DATA SHOWN =
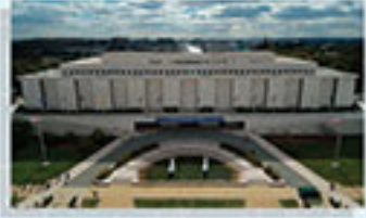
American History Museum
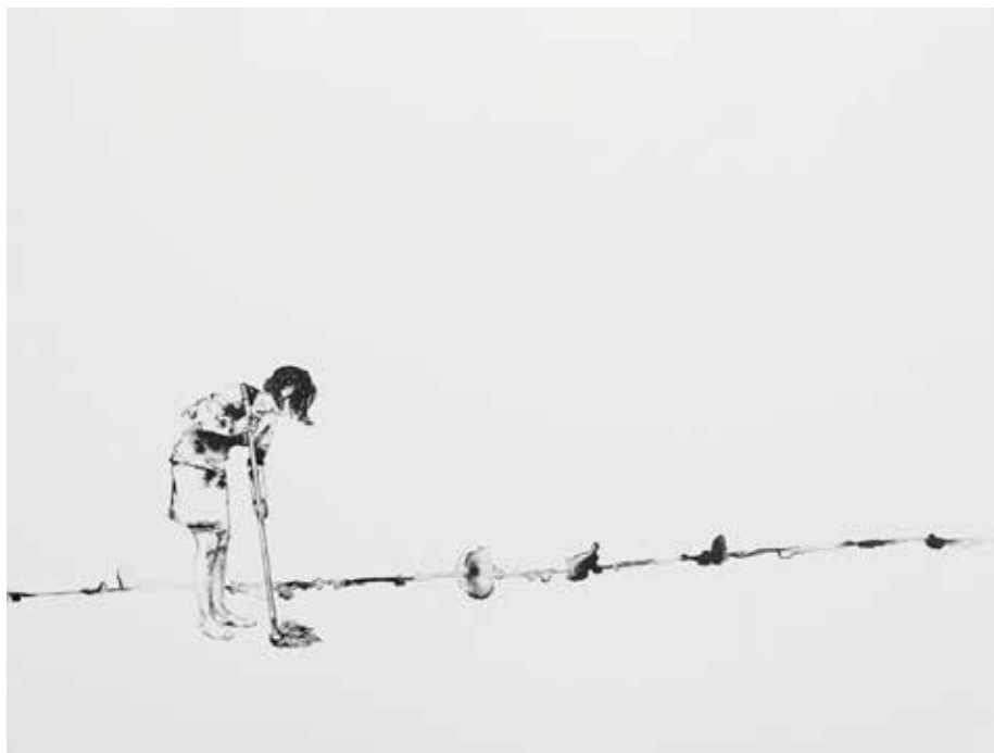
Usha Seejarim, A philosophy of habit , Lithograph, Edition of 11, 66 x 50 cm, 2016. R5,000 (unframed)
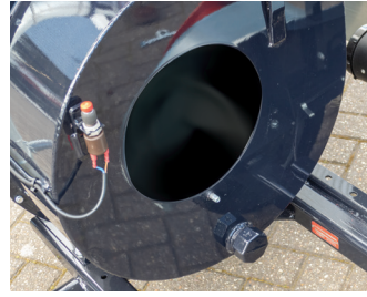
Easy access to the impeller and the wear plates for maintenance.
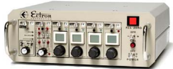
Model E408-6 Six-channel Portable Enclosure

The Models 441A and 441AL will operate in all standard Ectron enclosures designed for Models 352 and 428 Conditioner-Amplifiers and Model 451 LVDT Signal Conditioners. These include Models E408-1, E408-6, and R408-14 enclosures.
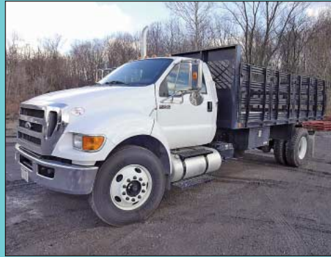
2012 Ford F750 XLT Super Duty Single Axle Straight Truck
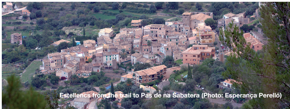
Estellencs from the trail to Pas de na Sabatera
==
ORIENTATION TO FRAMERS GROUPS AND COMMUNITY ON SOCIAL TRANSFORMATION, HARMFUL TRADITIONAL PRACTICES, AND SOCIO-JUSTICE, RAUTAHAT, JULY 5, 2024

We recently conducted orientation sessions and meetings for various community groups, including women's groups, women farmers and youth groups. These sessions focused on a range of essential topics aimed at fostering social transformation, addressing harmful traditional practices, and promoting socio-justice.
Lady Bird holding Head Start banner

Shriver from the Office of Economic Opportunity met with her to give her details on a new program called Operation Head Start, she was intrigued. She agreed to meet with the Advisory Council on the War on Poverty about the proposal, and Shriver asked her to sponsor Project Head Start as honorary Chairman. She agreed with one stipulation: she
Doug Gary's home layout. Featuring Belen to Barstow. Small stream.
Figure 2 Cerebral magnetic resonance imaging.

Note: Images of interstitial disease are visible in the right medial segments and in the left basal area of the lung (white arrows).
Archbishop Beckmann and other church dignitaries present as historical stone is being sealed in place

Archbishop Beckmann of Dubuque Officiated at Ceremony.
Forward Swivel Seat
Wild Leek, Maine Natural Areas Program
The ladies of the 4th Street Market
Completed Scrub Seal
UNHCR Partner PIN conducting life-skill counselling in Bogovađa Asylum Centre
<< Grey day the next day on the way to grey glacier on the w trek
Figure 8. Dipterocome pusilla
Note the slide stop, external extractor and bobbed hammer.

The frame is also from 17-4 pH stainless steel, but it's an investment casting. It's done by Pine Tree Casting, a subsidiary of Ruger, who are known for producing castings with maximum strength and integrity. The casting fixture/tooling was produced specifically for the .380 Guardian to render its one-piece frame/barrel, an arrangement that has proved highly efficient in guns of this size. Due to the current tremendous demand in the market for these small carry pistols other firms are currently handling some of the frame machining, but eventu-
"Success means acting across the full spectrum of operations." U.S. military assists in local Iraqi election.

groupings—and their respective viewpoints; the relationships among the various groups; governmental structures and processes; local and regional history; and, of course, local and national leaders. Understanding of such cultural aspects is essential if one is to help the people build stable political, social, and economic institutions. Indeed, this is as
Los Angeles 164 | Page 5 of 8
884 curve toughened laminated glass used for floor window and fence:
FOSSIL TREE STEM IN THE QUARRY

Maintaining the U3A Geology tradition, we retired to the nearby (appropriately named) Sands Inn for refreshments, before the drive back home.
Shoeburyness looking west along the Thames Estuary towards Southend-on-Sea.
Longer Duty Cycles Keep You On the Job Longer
==
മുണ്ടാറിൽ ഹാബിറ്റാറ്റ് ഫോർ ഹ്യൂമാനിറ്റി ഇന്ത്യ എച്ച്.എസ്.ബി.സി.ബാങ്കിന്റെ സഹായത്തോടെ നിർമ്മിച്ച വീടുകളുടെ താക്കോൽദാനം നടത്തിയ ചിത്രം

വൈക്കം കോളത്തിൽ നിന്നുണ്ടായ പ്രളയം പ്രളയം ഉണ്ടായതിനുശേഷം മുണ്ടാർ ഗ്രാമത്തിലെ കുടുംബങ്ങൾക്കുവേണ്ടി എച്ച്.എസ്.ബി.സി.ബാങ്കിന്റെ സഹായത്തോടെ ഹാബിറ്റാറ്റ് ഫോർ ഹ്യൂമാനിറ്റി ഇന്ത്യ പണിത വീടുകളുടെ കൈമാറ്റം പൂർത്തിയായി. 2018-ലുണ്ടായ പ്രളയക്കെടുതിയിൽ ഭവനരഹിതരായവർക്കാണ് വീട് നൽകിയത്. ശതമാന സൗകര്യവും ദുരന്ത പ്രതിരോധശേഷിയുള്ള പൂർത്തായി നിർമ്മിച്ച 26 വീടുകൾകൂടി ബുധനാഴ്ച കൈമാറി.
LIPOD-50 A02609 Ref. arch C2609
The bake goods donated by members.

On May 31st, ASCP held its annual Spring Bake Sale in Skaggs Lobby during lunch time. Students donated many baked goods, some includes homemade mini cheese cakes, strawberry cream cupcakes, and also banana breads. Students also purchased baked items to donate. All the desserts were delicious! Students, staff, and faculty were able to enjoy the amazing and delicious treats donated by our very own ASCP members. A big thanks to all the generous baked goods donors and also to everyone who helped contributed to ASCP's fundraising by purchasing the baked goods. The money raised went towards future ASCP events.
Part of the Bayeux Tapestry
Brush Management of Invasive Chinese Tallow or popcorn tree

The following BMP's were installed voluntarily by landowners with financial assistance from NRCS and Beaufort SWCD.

WHAT THE EXERCISE ASKS = All that is needed is the number of lines in the listing holding the word "this".

EXERCISE OUTPUT = 2